──────── Recorded data ────────
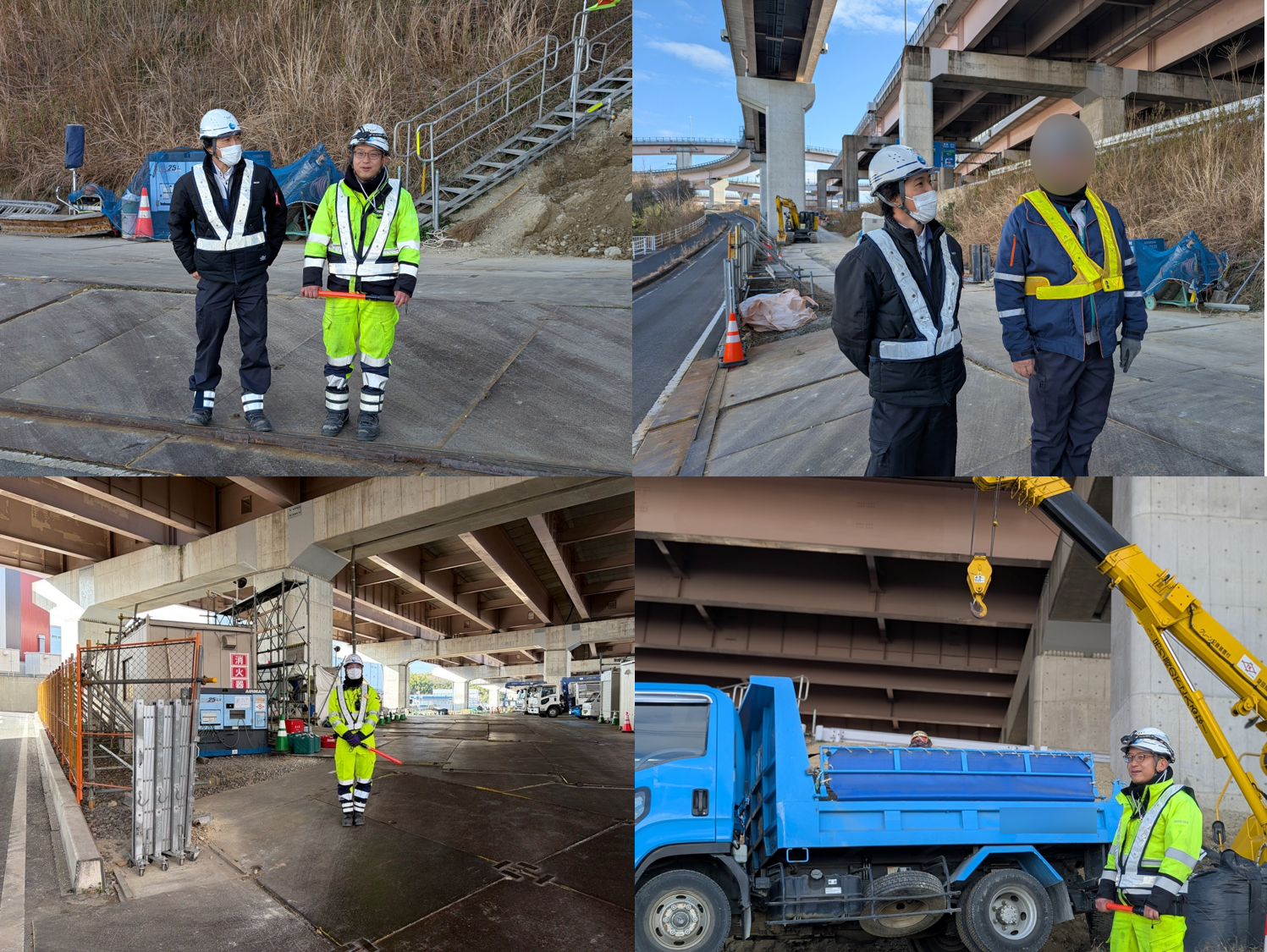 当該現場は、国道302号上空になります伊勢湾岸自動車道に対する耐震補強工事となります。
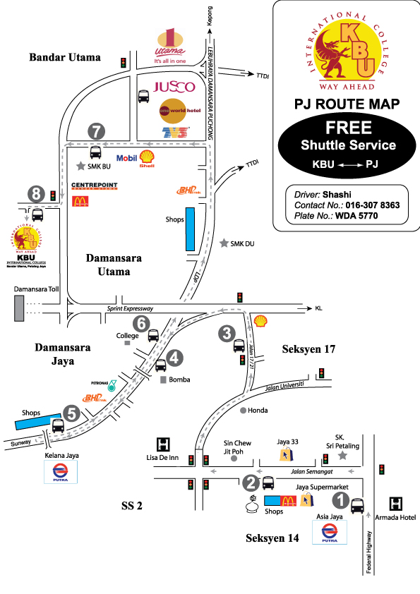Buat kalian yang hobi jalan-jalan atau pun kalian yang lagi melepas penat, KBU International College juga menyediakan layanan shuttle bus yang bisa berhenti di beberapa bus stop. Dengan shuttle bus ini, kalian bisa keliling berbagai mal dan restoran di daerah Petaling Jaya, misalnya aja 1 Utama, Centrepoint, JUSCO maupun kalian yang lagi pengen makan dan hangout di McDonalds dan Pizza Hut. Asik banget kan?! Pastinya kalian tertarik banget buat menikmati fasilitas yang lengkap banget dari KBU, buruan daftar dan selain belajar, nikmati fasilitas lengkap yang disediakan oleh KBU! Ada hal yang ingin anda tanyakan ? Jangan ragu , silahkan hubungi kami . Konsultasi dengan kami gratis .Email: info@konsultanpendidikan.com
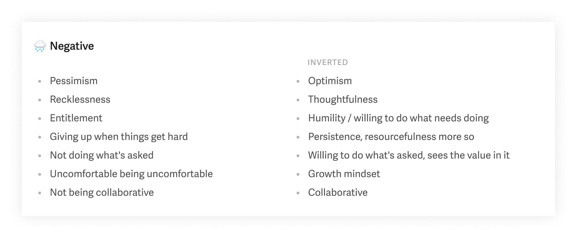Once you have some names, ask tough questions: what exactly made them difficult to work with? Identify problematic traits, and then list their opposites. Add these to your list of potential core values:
────────
◆ Exercise prompt
Once the pictures have been removed, reproduce each line of the material above exactly.

◆ Result below
 当該現場は、国道302号上空になります伊勢湾岸自動車道に対する耐震補強工事となります。
Buat kalian yang hobi jalan-jalan atau pun kalian yang lagi melepas penat, KBU International College juga menyediakan layanan shuttle bus yang bisa berhenti di beberapa bus stop. Dengan shuttle bus ini, kalian bisa keliling berbagai mal dan restoran di daerah Petaling Jaya, misalnya aja 1 Utama, Centrepoint, JUSCO maupun kalian yang lagi pengen makan dan hangout di McDonalds dan Pizza Hut. Asik banget kan?! Pastinya kalian tertarik banget buat menikmati fasilitas yang lengkap banget dari KBU, buruan daftar dan selain belajar, nikmati fasilitas lengkap yang disediakan oleh KBU! Ada hal yang ingin anda tanyakan ? Jangan ragu , silahkan hubungi kami . Konsultasi dengan kami gratis .Email: info@konsultanpendidikan.com
Once you have some names, ask tough questions: what exactly made them difficult to work with? Identify problematic traits, and then list their opposites. Add these to your list of potential core values:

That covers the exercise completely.